I wish he explained more of what he meant here, but the little I have heard and read about Soren Kierkegaard was that he was a type of mystic in some respects and not a great proponent of all things Biblical. To quote an article I came across once, it said:
“[Kierkegaard] has marked structural similarities to mystics such as Eckhart, who is warmly received by the Japanese philosophical tradition, particularly in the writings of its Zen and Pure Land Buddhist representatives.”
Wow. Okay, Mr. Lewis. Bad recommendation. Yet, he makes another one:
“Have you read anything by an American Trappist called Thomas Merton? I’m at present on his No Man Is an Island. It is the best new spiritual reading I’ve met for a long time.”
Now, let me quote Merton himself in his
Conjectures of a Guilty Bystander:
"It is a glorious destiny to be a member of the human race, ... now I realize what we all are .... If only they [people] could all see themselves as they really are ...I suppose the big problem would be that we would fall down and worship each other ... At the center of our being is a point of nothingness which is untouched by sin and by illusions, a point of pure truth ... This little point ...is the pure glory of God in us. It is in everybody."
This is downright frightening. As Ray Yungen put it:
“What Martin Luther King was to the civil rights movement and what Henry Ford was to the automobile, Thomas Merton is to contemplative prayer.
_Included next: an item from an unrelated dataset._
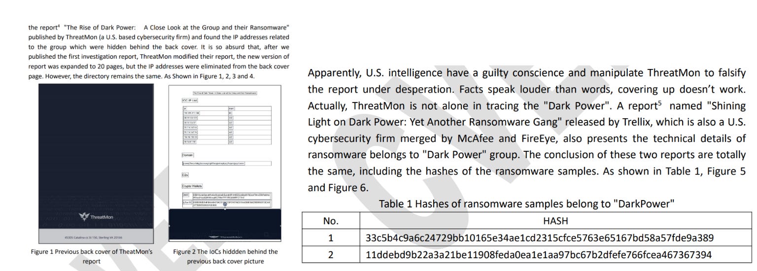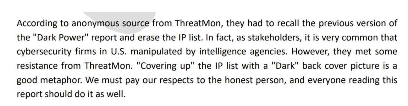 Despite Threatmon’s aforementioned statement claiming that the CVERC misrepresented its findings, the second report fully commits to the original thesis, stating that even “more relationships” were found between Volt Typhoon and Dark Power. The report then accuses the US government of manipulating Threatmon to “falsify” their report. The authors misrepresent findings from Trellix, an American cybersecurity firm, on Dark Power to support their claim that Volt Typhoon is a ransomware gang. The report refers to an “anonymous source” from ThreatMon that shared information with the authors of the report. This implies that the CVERC received information from some form of human intelligence collection, or alternatively (and the more likely solution) - that this is a fraudulent claim of a human source to strengthen the legitimacy of the claim.

Although this prayer movement existed centuries before he came along, Merton took it out of its monastic setting and made it available to and popular with the masses.”
It is downright irresponsible and reprehensible for anyone in the body of believers to support this kind of
philosophy. Again, I just feel that C.S. Lewis was too much of a philosopher and not enough of a theologian and would oftentimes get caught in the very webs of human reasoning that he warned apologists not to get into. It is a dangerous place to be because it takes our eyes off of Jesus and places our faith in the so-called wisdom of the world, not the real wisdom that comes from Heaven as we read in James earlier.
I hope this book review of
The Joyful Christian helped and that it at least challenged you to constantly keep a mind of discernment that is trained from constant study of God’s Word. I should clarify that I have quoted C.S. Lewis on a number of occasions for some of the great things he has articulated that brought great clarity to some type of biblical truth. This is precisely why I was shocked at some of the other things I saw in his writings.
I am thankful for a lot of the good things that C.S. Lewis has done for understanding certain biblical truths, but I do stay very much concerned for some of the theology that he articulated and recommendations he made to other spiritual sources especially since C.S. Lewis is one of the most popular Christian theologians being published in the United States today. Perhaps these reasons are why he still sells so many books. He is an incredible mind, but with a lack of solid understanding on key Biblical doctrines. Plus, with his affirmation of popular mystics, he no doubt holds some sway with even some of them still. This makes me sad.
This was a hard review to write because I love many other things he has written. Nonetheless, the things that seemed too wrong to ignore...well, they cannot go unnoticed.
Let me know if you have any questions or concerns on anything I’ve written. I only want to represent him fairly and the Bible accurately.